Воронцов приехал около 15-го числа января. Дня через два виделся он с государем, после заболел, поправился в здоровье и несколько раз опять был у государя. У дома его был всегда большой съезд. Говорили, что он занимался изучением края, где ему доводилось начальствовать, для чего и назначены были государем два молодых офицера, из коих один был, кажется, Генерального штаба, а другой флигель-адъютант; оба они часто ездили по поручениям на Кавказ, и по сему полагали их совершенно знакомыми с делами того края…
Первый приступ Воронцова к делу был основателен: без сомнения главная помеха в управлении Кавказом гнездилась в Петербурге…
В Петербурге много заботились о назначении к Воронцову начальника штаба. Ожидали, к кому он обратится; полагали, что он изберет меня; но мне уже было известно, что он сего не сделает, и мне самому не хотелось бы принять сей должности, самой неблагодарной из всех занимаемых мною в течение службы моей. Некоторое время носился слух, что призван будет из Киева Граббе, который так несчастливо кончил командование свое на линии; после стали говорить о Гурке, который только что возвратился с Кавказа с намерением не возвращаться к прежней должности, в которой его преследовали постоянные неудачи.
Однако Гурко был у государя, который долго с ним разговаривал и отпустил его от себя с Александровской лентой… Сказывали, что государю в особенности понравилось то, что Гурко не отзывался дурно о своем бывшем начальнике – странная заслуга, если сказание сие справедливо. Гурко уверял государя, что несправедливы слухи об упадке духа в войсках. Что ему оставалось делать, как не хвалить тех, которых он погубил, которые его осмеяли и указывали на него, как на виновника всех бедствий, их постигших? Иначе погубил бы себя Гурко навсегда. Он имел довольно ловкости, чтобы не только никого не обвинять, но даже уверить, что дела им на линии оставлены в блестящем виде; а вскоре стали говорить в Петербурге, что в самом деле все там идет к лучшему, что в мечетях упоминают нашу царскую фамилию, что снабжение Шамиля артиллерией есть для него зло, ибо пушки задерживали быстроту движений его; что турецкий султан отказался помогать абхазцам, опираясь на союз свой с Россией, что чеченцы просятся к нам поселиться, и множество подобного вздора.

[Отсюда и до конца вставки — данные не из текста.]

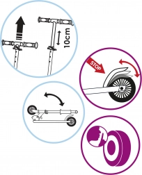 A kényelem és biztonság érdekében állítható kormánymagassággal (a gyermek növekedéséhez), puha habmarkolatokkal, csúszásmentes fellépővel és hátsó sárvédőn elhelyezett lábfékkel rendelkezik. A csendes, nem csúszó kerekek egyenletes haladást biztosítanak a járdán. Remek választás az egyensúly, a koordináció és a magabiztos közlekedés fejlesztéséhez.
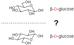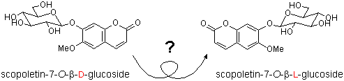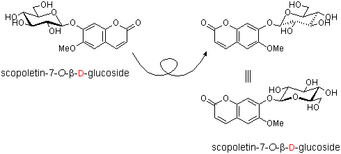 うっかりするとだまされてしまうが、これはもちろん立体的なはずのいす形配座の六員環を単なる平面とみなしてしまったための間違いだ。つまり、上記の配糖体は180度の反転ではなく鏡に映した形になっている。

Брат Михайла, желавший узнать что-нибудь повернее о происходящем, съездил к Орлову и, расхваливая достоинства Воронцова, то есть барство, богатство, представительность его и ласковое обхождение, признавал, что всем сим обладает новый наместник вполне и что влияние его в том крае тем сильнее будет, что он еще пользуется доверенностью государя; но теперь, продолжал он, остается к довершению этого только одно: «ума придать», кого к нему назначить в начальники штаба? Орлов много смеялся сему обороту; он сам не находил Воронцова способным к занятию возложенной на него должности и удержал дальнейшие суждения свои, которые могли бы обнаружить его образ мыслей. Воронцов заведет там английскую конституцию, продолжал Михайла; но Орлов не был согласен с сим мнением и говорил, что хотя Воронцов и выставлял себя снисходительным и либеральных суждений, но что он в кругу управления своего был всегда завистлив к власти своей и любил показывать ее, где только мог.
Брат при сем случае положительно дал заметить графу Орлову, что я никому из знати, кроме него, не делаю визитов, что я не был и не буду ни у Михайла Павловича, ни у военного министра, и граф Орлов это одобрил, но почему одобрил, не знаю. Казалось мне, что он отклонял от меня все, что могло мне дать доступ к государю.